**Data for this task:**
========================================

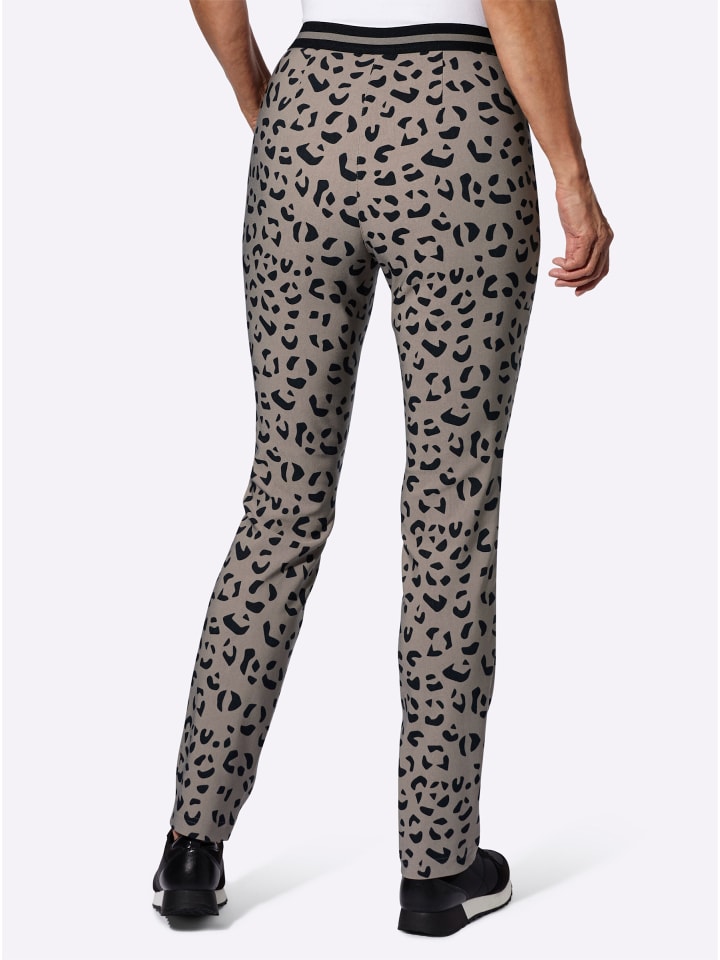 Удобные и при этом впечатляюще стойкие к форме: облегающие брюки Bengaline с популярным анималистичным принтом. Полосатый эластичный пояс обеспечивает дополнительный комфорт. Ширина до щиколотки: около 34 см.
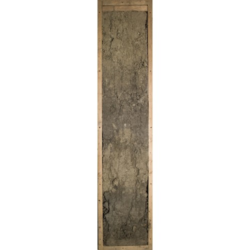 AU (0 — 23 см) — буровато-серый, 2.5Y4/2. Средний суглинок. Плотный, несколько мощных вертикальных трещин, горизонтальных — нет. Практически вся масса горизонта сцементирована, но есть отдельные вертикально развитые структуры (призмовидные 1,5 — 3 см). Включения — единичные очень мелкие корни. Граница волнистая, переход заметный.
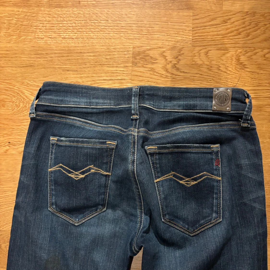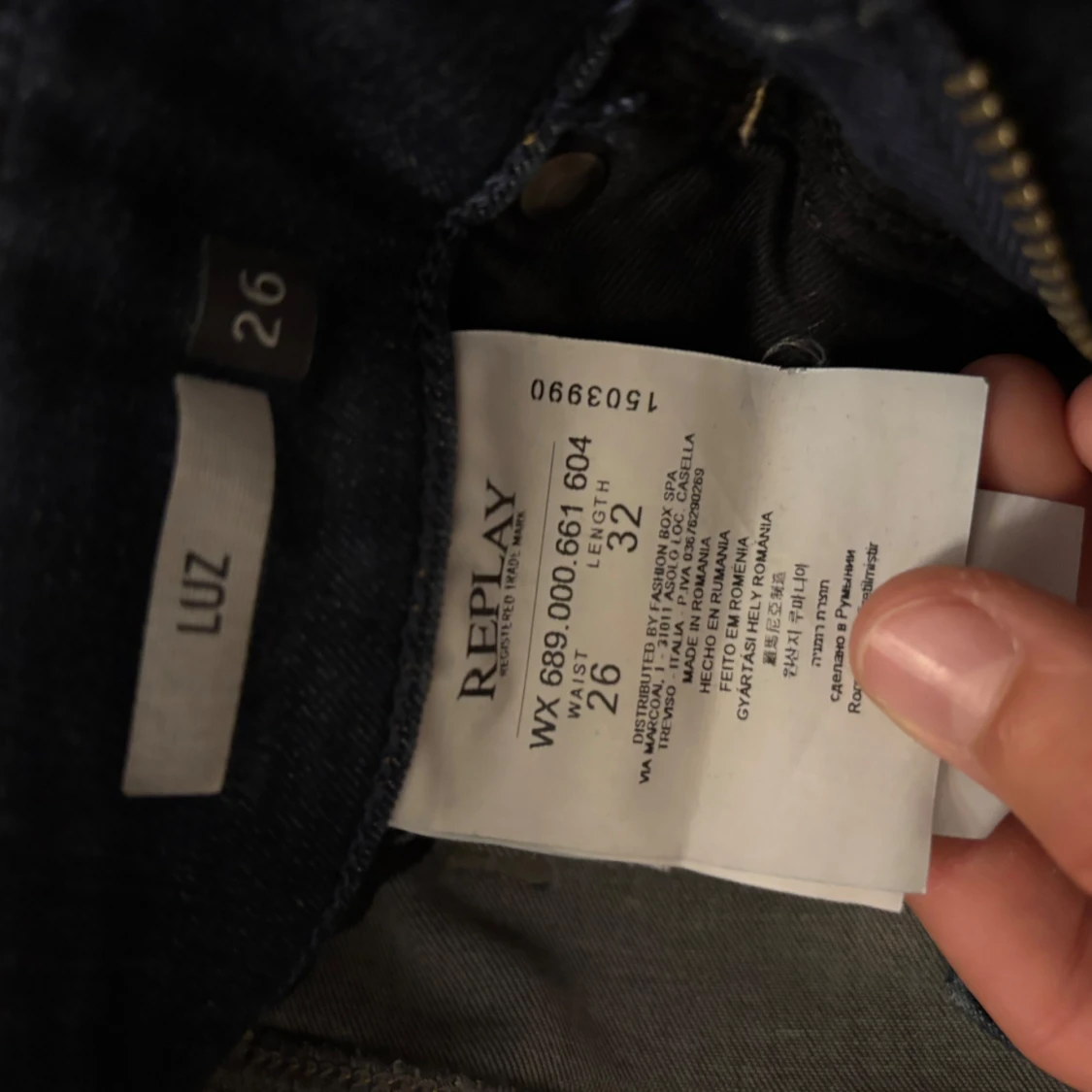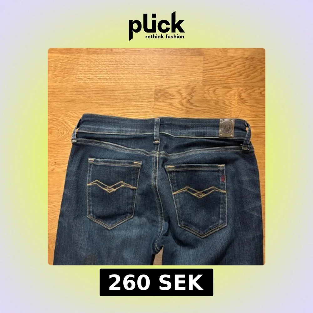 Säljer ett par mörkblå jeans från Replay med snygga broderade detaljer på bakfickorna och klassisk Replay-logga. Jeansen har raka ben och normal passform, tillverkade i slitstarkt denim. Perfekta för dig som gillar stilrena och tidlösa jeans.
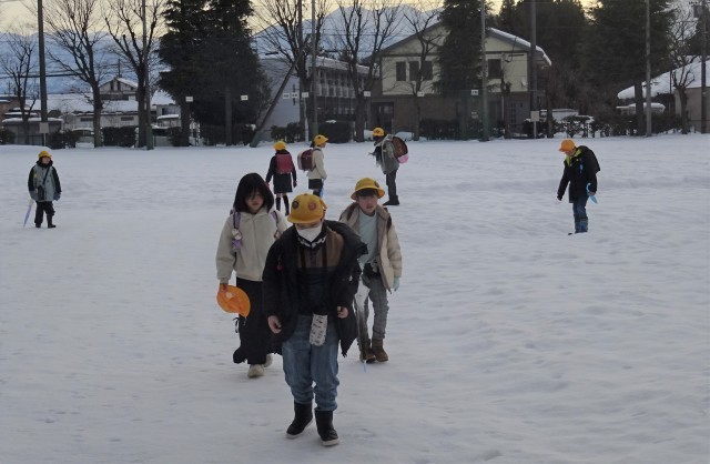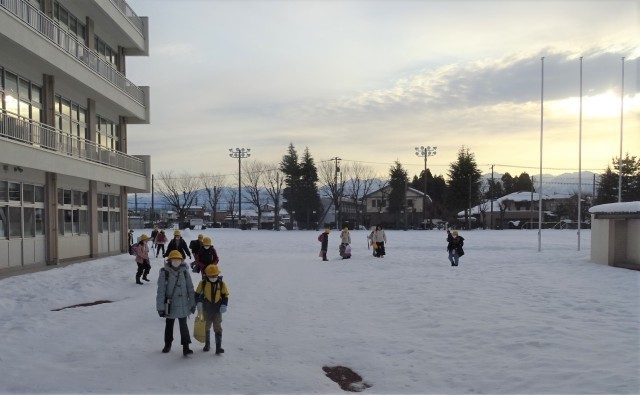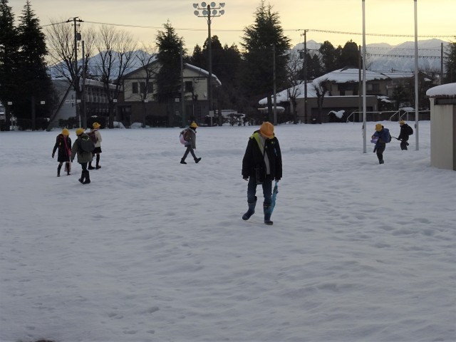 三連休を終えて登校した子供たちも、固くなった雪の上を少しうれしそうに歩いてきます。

========================================

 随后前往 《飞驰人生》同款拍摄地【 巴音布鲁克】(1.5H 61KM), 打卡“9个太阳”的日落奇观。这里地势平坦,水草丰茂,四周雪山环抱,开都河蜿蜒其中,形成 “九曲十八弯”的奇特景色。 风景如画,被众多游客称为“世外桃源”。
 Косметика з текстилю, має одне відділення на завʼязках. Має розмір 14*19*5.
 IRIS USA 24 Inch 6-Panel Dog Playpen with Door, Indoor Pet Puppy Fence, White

========================================

**What you have to do:**
What's needed is an exact copy of the records above from the line containing "Säljer ett par" down to the line containing "三連休を終えて登校した子供た", both included, without any pictures.

**The answer:**
 Säljer ett par mörkblå jeans från Replay med snygga broderade detaljer på bakfickorna och klassisk Replay-logga. Jeansen har raka ben och normal passform, tillverkade i slitstarkt denim. Perfekta för dig som gillar stilrena och tidlösa jeans.
 三連休を終えて登校した子供たちも、固くなった雪の上を少しうれしそうに歩いてきます。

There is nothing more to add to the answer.